# Excessive Vapor/Moisture In DV Gas Stove Pipe



## Mr Frugal (Jan 27, 2011)

I recently installed a Enviro Ascot direct vent gas gas stove in my basement. Everything is hunky dory, except for one issue: water condensation leaking from the exhaust pipe.
I've used ICC ExcelDirect 5" piping, 4.5' up, then a 90 degree out through the wall.
What is happening is, when the stove is off,  (with the pilot either on or off), then turned back on, water will run out of the inside of the 90 elbow once the stove is relighted. 
Obviously I have an air leak somewhere that is causing warm moist air to condensate and freeze on the inside of the pipe(s). When the piping warms, the ice melts and runs out the joint.
 The trouble is, I can't figure out where it's leaking. Initially I thought it was being caused by the lack of good seal on the exterior of the pipe at the stove. (It being the lowest, and best point for convection to take place from.) I slathered on the RTV on that joint, but it did nothing. 
We've had some rather frigid nights here in southern Ontario (-28C ) the last little while, so the condensation has been rather voluminous.    
Has any one experienced this, and do you have any suggestions as to how to remedy this? I'm to the point where I want to disassemble the piping and coat all the joints, inside and out with RTV....


----------



## DAKSY (Jan 27, 2011)

You're looking in the wrong area.
Your "air leak" is called a cap.  
Look out side the house to see what's getting in...


----------



## Mr Frugal (Jan 27, 2011)

I'm not quite sure what you mean. I have a proper termination cap on the exterior. The only way I could see the termination cap causing issue this would be if some how warm, moist exhaust was being pulled back into the pipe. The design of the cap is such that it seems unlikely this would happen.
  Also, since the frost/moisture build up is happening whether the pilot is lit or not leads me to believe this is not the case.


----------



## DAKSY (Jan 27, 2011)

Looks to me like the icicles are coming out of the intake on the cap.
It also looks like your cap is too close to the ground, 
but I don't know what the snow depth is...
There should be AT LEAST a foot between the cap & the ground.
Get those icicles out of the intake & I'll bet your leaks go away.
Can't hurt to clear away the snow below the cap as well...
I'm thinkin that due to the proximity of the snow, when the heat generated by the 
DV cap is stopped, you're getting condensation & icicles as a result.
Get em outta there.

Here's the manual:
http://www.enviro.com/images/manuals-brochures/owners-manuals/C-11277 Instruction Ascot Owner's Manual.pdf

Page 14 shows the clearance to grade.

As an aside, you sure you're using 5" vent & not 4"?


----------



## Mr Frugal (Jan 27, 2011)

No, the ice is forming on the outer side of the intake shield, on the exhaust side. I'll knock them off, but I doubt that's where the problem is. It was happening in early December, before we had any snow, and before the cold snap that has caused this ice build up. 

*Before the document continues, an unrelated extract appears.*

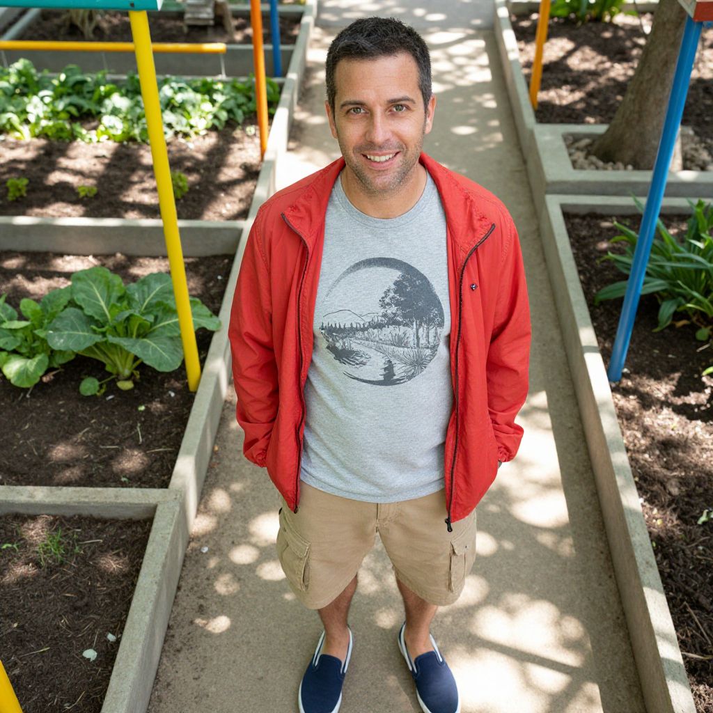 A man, relaxed weekend style, soft cotton graphic tee in heather gray, cargo shorts in khaki, slip-on canvas shoes in navy, lightweight windbreaker in bright red, raised vegetable plots, colorful trellises, sun-dappled pathways, overhead shot, cheerful expressionMan has masculine face and piercing eyes

The cap is 18" above ground. I'm keeping an eye on the snow build up. We had a storm with high winds out of an unusual direction that caused this uncharacteristic build up. I may have to install a window well underneath the cap just to be safe, but I'll do that in warmer weather

I'm using a 5" vent, as per my local Enviro dealer's specs. 

I still think it's the friction fit of the external pipe that causing it. It's not airtight, and warm air is leaking in and convecting upwards and condensing on the cold parts of the intake. Either that or the seal on the exhaust somewhere near the cap is bad, and is leaking moist air into the intake. Although, since the condensation is happening whether the pilot is on or not, leads me to believe it's not the latter.


----------



## cdnxj (Jan 27, 2011)

Totally normal - its just due to the fact that you have an exterior vented cap that is letting in all kinds of cold air (especially when the stove isn't running).  Cold air hits the nice warm air inside the pipe within the building envelope and condenses.  I always have a small drip on my horizontal section right where it comes thru the thimble into the house.  I'm also in Ontario and have the same temps as you.  I wouldn't worry about it.


----------



## Mr Frugal (Jan 27, 2011)

This is a bit more than a drip. It's more like 10-20cc once the stove heats up. I'm also of the 'no moisture is good moisture' mindset. I've done enough reno's to know what damage small drips over long periods of time can do to buildings. Right now I just have a wad of paper towels sitting on the floor to intercept the runoff when the stove is fired. I'm also concerned about the possible corrosion of the pipe. If it was all stainless, I'd be less so. I'm not even sure if it's galvanized on the inside.


----------